The fNIRS modality faced challenges due to artifact noise, which is a known issue that requires rigorous preprocessing for optimal signal quality. Our artifact filtering approach partially mitigated these effects, although some residual noise may have impacted the final model performance. This noise is typically introduced by ambient lighting, subject movement, or improper sensor placement, resulting in signal contamination and information loss. As a result, physiological patterns became harder to distinguish, making it more difficult for the model to learn meaningful features from the fNIRS data. Without thorough preprocessing—such as the artifact filtering discussed in this study—fNIRS data remain highly susceptible to noise, limiting its standalone effectiveness in pain classification tasks.

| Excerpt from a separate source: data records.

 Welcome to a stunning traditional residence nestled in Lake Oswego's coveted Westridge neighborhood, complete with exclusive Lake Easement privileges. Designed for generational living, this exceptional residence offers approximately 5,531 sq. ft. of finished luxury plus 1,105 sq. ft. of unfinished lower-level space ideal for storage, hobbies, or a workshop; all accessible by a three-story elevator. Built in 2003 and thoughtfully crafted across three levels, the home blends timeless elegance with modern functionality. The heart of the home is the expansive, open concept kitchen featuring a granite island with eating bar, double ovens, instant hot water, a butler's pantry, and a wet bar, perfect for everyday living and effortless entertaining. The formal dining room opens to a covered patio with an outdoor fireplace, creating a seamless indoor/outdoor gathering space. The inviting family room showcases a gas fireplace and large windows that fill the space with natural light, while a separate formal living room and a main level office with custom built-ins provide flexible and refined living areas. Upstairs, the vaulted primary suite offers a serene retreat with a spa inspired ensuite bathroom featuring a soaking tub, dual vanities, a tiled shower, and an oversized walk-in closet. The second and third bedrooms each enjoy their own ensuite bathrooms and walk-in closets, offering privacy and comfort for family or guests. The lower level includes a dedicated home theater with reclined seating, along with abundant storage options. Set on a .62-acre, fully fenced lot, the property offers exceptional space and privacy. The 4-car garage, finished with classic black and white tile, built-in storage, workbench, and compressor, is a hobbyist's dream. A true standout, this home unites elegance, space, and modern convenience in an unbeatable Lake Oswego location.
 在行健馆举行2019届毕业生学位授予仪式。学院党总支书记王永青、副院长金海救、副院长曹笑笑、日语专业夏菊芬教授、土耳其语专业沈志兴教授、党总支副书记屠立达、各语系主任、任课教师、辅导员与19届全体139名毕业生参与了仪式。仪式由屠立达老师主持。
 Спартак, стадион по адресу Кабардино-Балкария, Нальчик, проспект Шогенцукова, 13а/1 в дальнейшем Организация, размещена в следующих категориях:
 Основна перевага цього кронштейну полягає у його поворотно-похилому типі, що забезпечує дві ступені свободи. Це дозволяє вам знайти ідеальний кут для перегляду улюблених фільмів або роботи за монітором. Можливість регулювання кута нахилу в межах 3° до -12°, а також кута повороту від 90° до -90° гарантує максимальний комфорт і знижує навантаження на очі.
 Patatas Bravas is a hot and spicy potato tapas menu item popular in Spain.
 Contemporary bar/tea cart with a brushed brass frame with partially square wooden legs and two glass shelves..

In contrast, our experiments on the BioVid Heat Pain database demonstrated that the GSR modality provided more discriminative features for pain detection than the video modality alone. The fusion of GSR and video using our attention-based model achieved the highest accuracy in the 10-fold cross-validation setting, outperforming both unimodal baselines and prior models such as PainAttNet. These results support the value of physiological signals in automatic pain recognition and highlight the effectiveness of our multimodal attention-based fusion approach in capturing complementary information.
These findings underscore the complexity of pain classification and highlight the challenge of achieving balanced sensitivity across all pain categories. Future work should explore more advanced fusion strategies, semi-supervised or self-supervised learning to leverage underrepresented classes such as “No Pain” and the inclusion of additional datasets or modalities (e.g., EEG or EMG) to further enhance generalization. Testing the model in real-world clinical scenarios would also be a valuable next step to evaluate its practical applicability.